Product case studies
- [Google] 'How would you measure the success of Google Maps?' — North Star: number of successful navigations completed. Supporting: time-to-destination accuracy, search-to-navigation conversion, daily active users, report rate of incorrect information. Layer by use case: driving, walking, transit, local business search.
- [Meta] 'Instagram engagement is down 5% this quarter. Investigate.' — Segment by surface (Feed, Stories, Reels, Explore), user cohort (new vs returning, age, geography), content type, and device. Check for product changes, algorithm updates, competitive shifts (TikTok), and seasonality. Present hypothesis tree before diving into data.
- [Amazon] 'Should Amazon offer free returns for all products?' — Frame as cost-benefit: increased conversion rate and customer trust vs return shipping costs and fraud risk. Propose an experiment: randomize free returns by product category, measure conversion lift vs cost, calculate breakeven point.
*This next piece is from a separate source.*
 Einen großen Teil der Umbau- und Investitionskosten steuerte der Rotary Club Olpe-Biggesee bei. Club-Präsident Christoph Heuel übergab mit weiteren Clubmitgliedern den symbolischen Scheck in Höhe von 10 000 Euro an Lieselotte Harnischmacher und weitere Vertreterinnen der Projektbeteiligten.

- 'Design a churn prediction model for a SaaS product.' — Define churn (no login for 30 days? Subscription cancelled?). Features: usage frequency trend, feature adoption, support ticket volume, billing issues. Model: logistic regression for interpretability, then gradient boosting for performance. Evaluation: precision at top decile (actionable for intervention team).
SQL challenges
- 'Find the median salary per department without using PERCENTILE_CONT.' — Use ROW_NUMBER, count per department, filter where row number equals floor and ceiling of count/2. Tests window functions and mathematical reasoning.
- 'Write a query to find users who were active 3+ consecutive days.' — Self-join or LAG/LEAD approach. GROUP BY user_id with date arithmetic to identify sequences. Tests date manipulation and creative problem-solving.
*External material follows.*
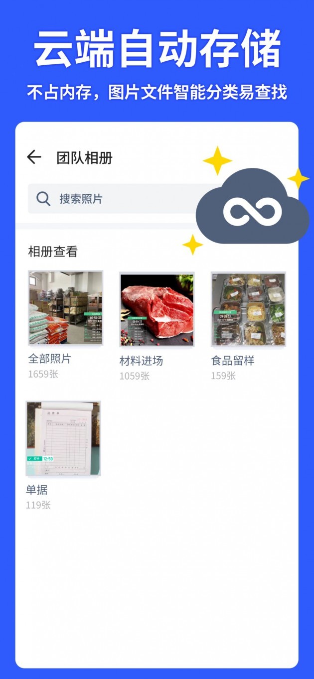不管是手机拍照,还是相机拍照,最终相信大家在一个地方来存储。只是照片多了,想要找照片的话会非常麻烦。对于餐饮行业更是如此,然而,马克水印相机的云端实时储存,照片自动归类功能可以有效解决这一类问题。马克水印相机拍摄的高清照片都会自动永久免费存储在云端,不占用手机内存,并且这些照片能够根据水印的信息进行自动的分类,也可以根据水印信息进行查找搜寻,极大提升了效率。

- 'Calculate retention by monthly cohort.' — JOIN users (by signup month) with activity (by activity month). COUNT DISTINCT active users per cohort per month. Divide by original cohort size. This is the most common SQL analytics question.
- 'Find the top 3 products by revenue in each category using a single query.' — DENSE_RANK() OVER (PARTITION BY category ORDER BY revenue DESC) with CTE or subquery filter. Know when to use DENSE_RANK vs ROW_NUMBER.
Behavioral questions
- 'Tell me about a time your analysis led to a counterintuitive finding. How did you convince stakeholders?' — Show you validated the finding rigorously before presenting, anticipated objections, and framed it in terms the audience cared about.
- 'Describe a time you had to choose between model complexity and interpretability.' — Show you consider the audience and use case. Regulatory context may require interpretable models. A/B test arbitration may allow complex models. The choice is contextual, not absolute.
- 'How do you prioritize competing analysis requests from multiple teams?' — Framework: impact (revenue/user impact), urgency (deadline-driven), effort (quick wins vs deep dives), and strategic alignment. Communicate tradeoffs transparently.